I found this article enlightening and heartwarming. I am a black engineer in the IT industry. I have often wondered why I sit lonely on this hill. I fail to accept that things are the way they are purely by accident.

Thank you for highlighting this issue by interviewing Rasekoala. You have taken a big step forward.

Letter

As the son of an immigrant and an immigrant myself, I know that it takes immigrant communities time to establish themselves鈥攗sually several generations.

The black community arrived fairly recently in this country. We are only now beginning to see black British teachers in our schools in any significant numbers. This is the first step in a long lead-up to social success, and happens with any immigrant community regardless of its colour or culture. It will have a very positive effect on the up-and-coming generation of British black children, but it won’t happen overnight.

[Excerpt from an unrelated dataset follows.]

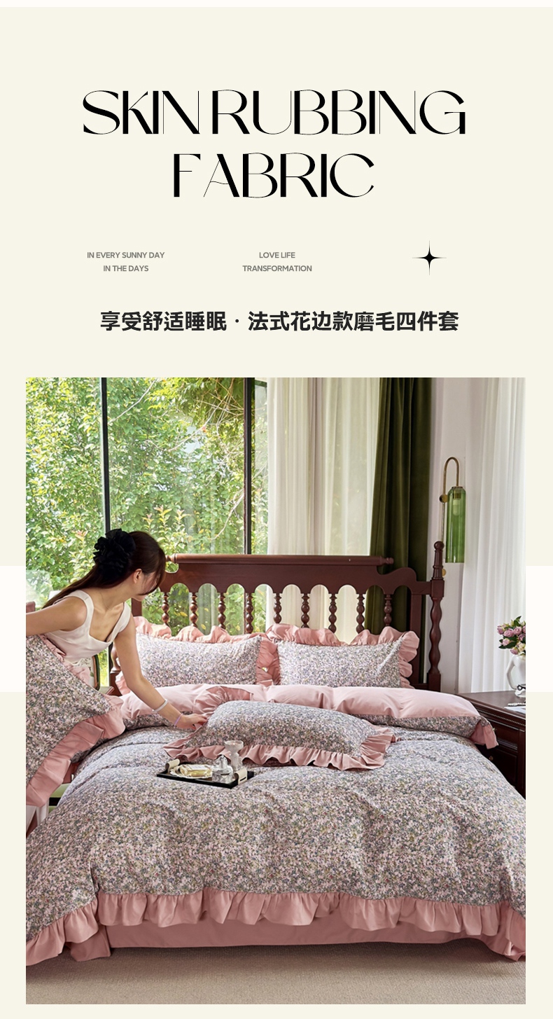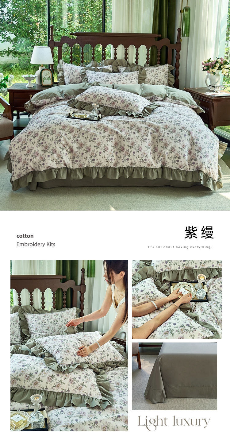 当前位置: 91家纺网 > 商品网购 > 床品套件 > 四件套 > 普通磨毛四件套 > 未来家居 2025秋冬新款全棉法式花边款磨毛四件套 珍妮-绿
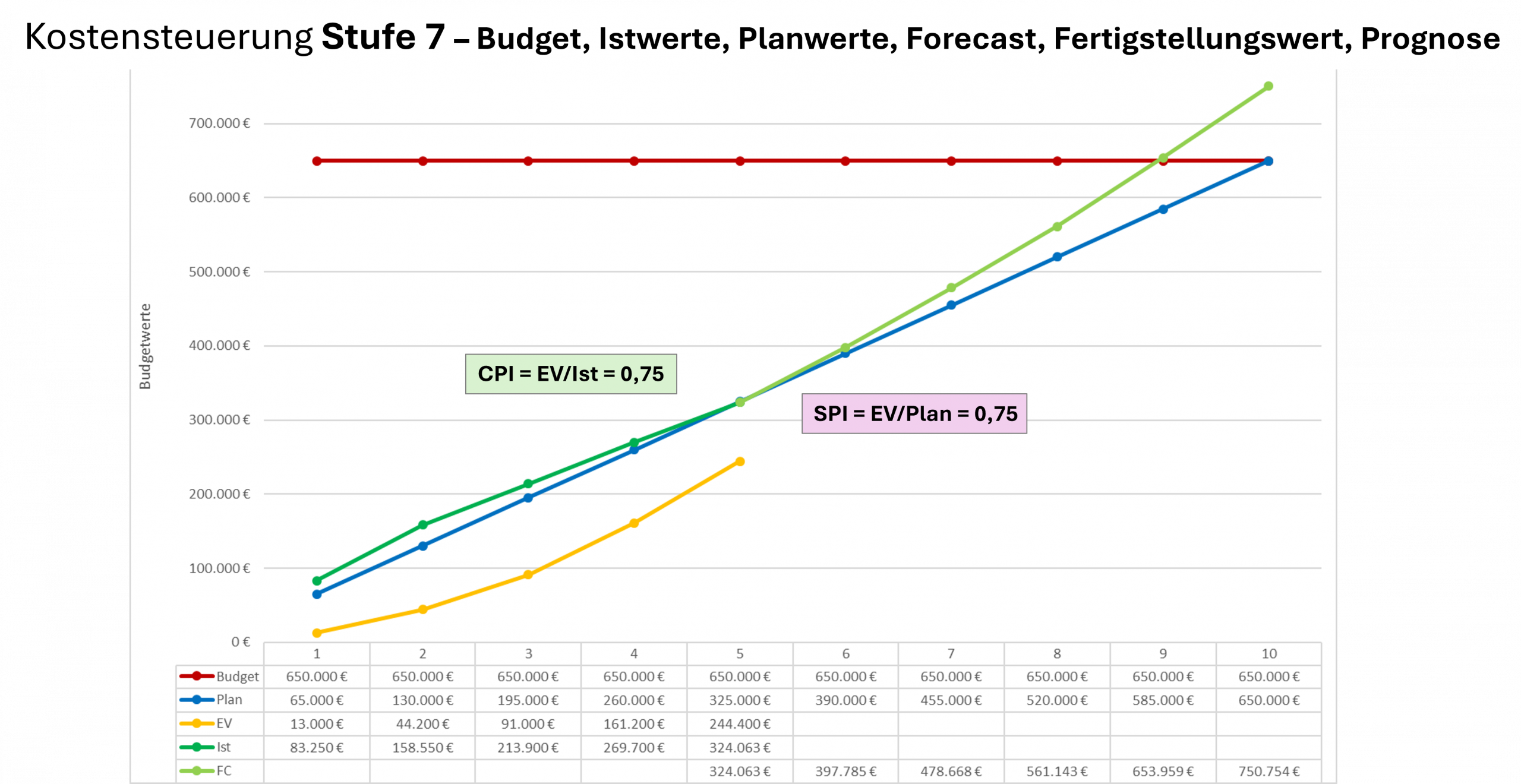 Stufe 7 – Prognosen mit der Earned Value Methode

The high-flyers from within that community, those who have gone on to be doctors, lawyers, scientists and other high-profile professionals outside the entertainment industry, probably don’t see themselves as emissaries of their communities, but as people who have struggled to make good. So it is a little early yet to expect them to dedicate themselves to serving as role models, but that too will come in time, to everyone’s benefit.

As a teacher, I can tell you that progress is being made, but it is necessarily slow and not subject to someone waving a magic wand or making simplistic pronouncements. The problem isn’t the education system and the solution isn’t blame. The problem is time and the solution is honesty and effort.